Именно тогда я разработал трюк моего реального переноса из настоящего в будущее. Я пользовался им всю свою жизнь: ребенком в приюте превращался в молодого человека, у которого умные ученые друзья; мог перенестись и жить в роскошных апартаментах и на диване в этих апартаментах заниматься любовью со страстной прекрасной женщиной.
Во время войны я служил в охране и в скучные часы этой службы, в патруле переносился в будущее, когда я буду уезжать в Париж, есть прекрасные изысканные кушанья и спать с блудницами. Под обстрелом я мог, как по волшебству, исчезать и переноситься в леса, где мог спокойно отдохнуть у тихого ручья, читая любимую книгу.
Все это срабатывало, действительно срабатывало. Я исчезал, как по волшебству. А потом вспоминал то время, когда я действительно принимал участие в тех великих событиях: вспоминал ужасное время и мне казалось, что мне всего этого удалось избежать, что я никогда и не страдал. Что все это было лишь сном.
Я вспоминаю, как был поражен словами Мерлина, который говорит королю Артуру, что тот будет править без его, Мерлина, помощи, потому что он, Мерлин, будет заточен в пещере молодой волшебницей, которую он обучил всем своим секретам. Подобно королю Артуру я спросил, почему. Почему Мерлин обучает молодую девушку всему своему колдовскому искусству только для того, чтобы стать ее пленником и почему он так счастлив спать в пещере тысячу лет, зная о трагическом конце своего короля? Я не мог понять этого. А потом, когда я вырос, почувствовал, что тоже могу сделать то же самое. Каждый великий герой, понял я, должен иметь какую-то слабость, и то же будет со мной.

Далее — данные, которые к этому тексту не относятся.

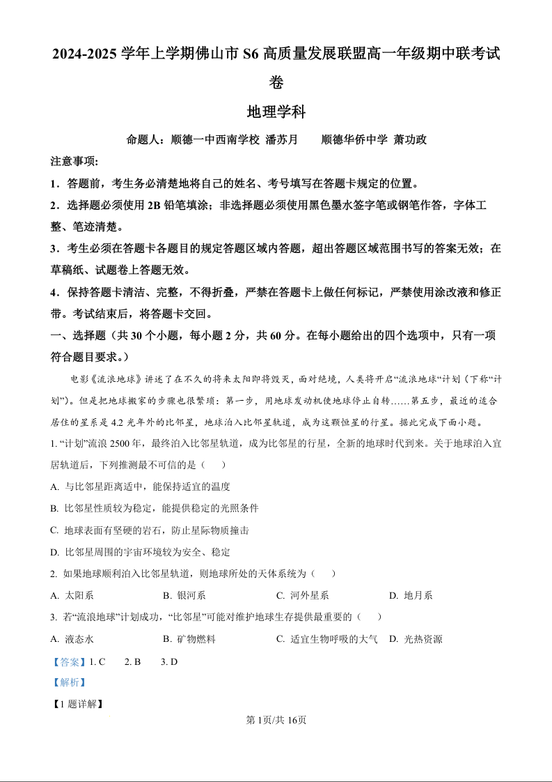 广东省佛山市S6高质量发展联盟2024-2025学年高一上学期期中联考地理(精品解析版)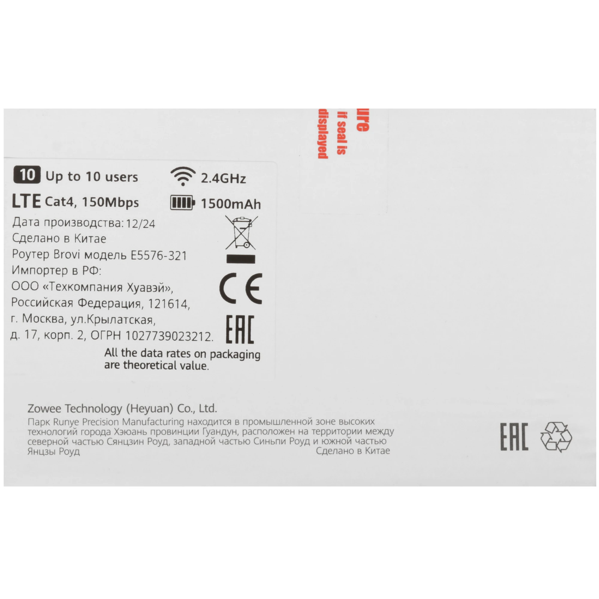 Модем 4G Huawei Mobile 3s E5576-321 51071VPL Wi-Fi Firewall внешний белый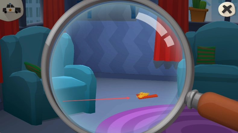 点击放大镜图标,进入搜索模式后,在房间里仔细搜寻,像在沙发周边找找梳子这类可能有问题的物品。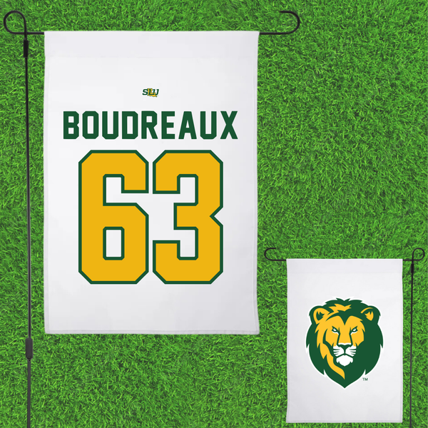 Southeastern Louisiana University Football White Garden Flag - #63 Corin Boudreaux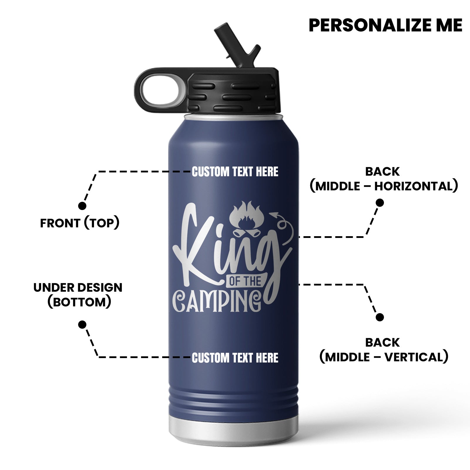 Rule the trail with camping spirit water bottle, dominating camping adventures with campground king vibes. Mastering the campgrounds in summer campground escapes, experience campground royalty moments with this durable, stylish water bottle.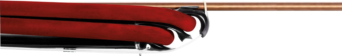 Scatola di sgancio in materiali compositi con grilletto, dente di sgancio e sgancia sagola laterale ricavati dal pieno. L’ammortizzatore di battuta rende silenzioso lo sgancio dell’asta.

Я прочитал много разных вариантов легенды о короле Артуре и в одном из них увидел картинку с изображением Мерлина. Это был человек с длинной седой бородой. На голове его был конический колпак, усеянный звездами и знаками зодиака. В мастерской приюта я смастерил себе точно такой же и носил его, бродя по территории приюта. Я очень любил эту шляпу — свой колпак, пока однажды один из мальчишек стащил ее и меня, и мне больше не пришлось никогда ее увидеть, и я не стал делать ее снова. Я использовал эту шляпу, чтобы вызывать у себя состояние отрешения, перенестись в иной мир и стать тем героем, которым я должен был стать в будущем, пережить свои будущие приключения, совершить те хорошие дела, которые я совершу и пережить то счастье, которое найду. Но шляпа эта, вообще-то, не нужна. Фантастический мир появился как-то сам собой. Моя жизнь в этом приюте кажется мне сном. Я никогда тем не был. Я был Мерлином в образе ребенка десяти лет, был волшебником, и ничто никогда не могло принести мне никакого вреда.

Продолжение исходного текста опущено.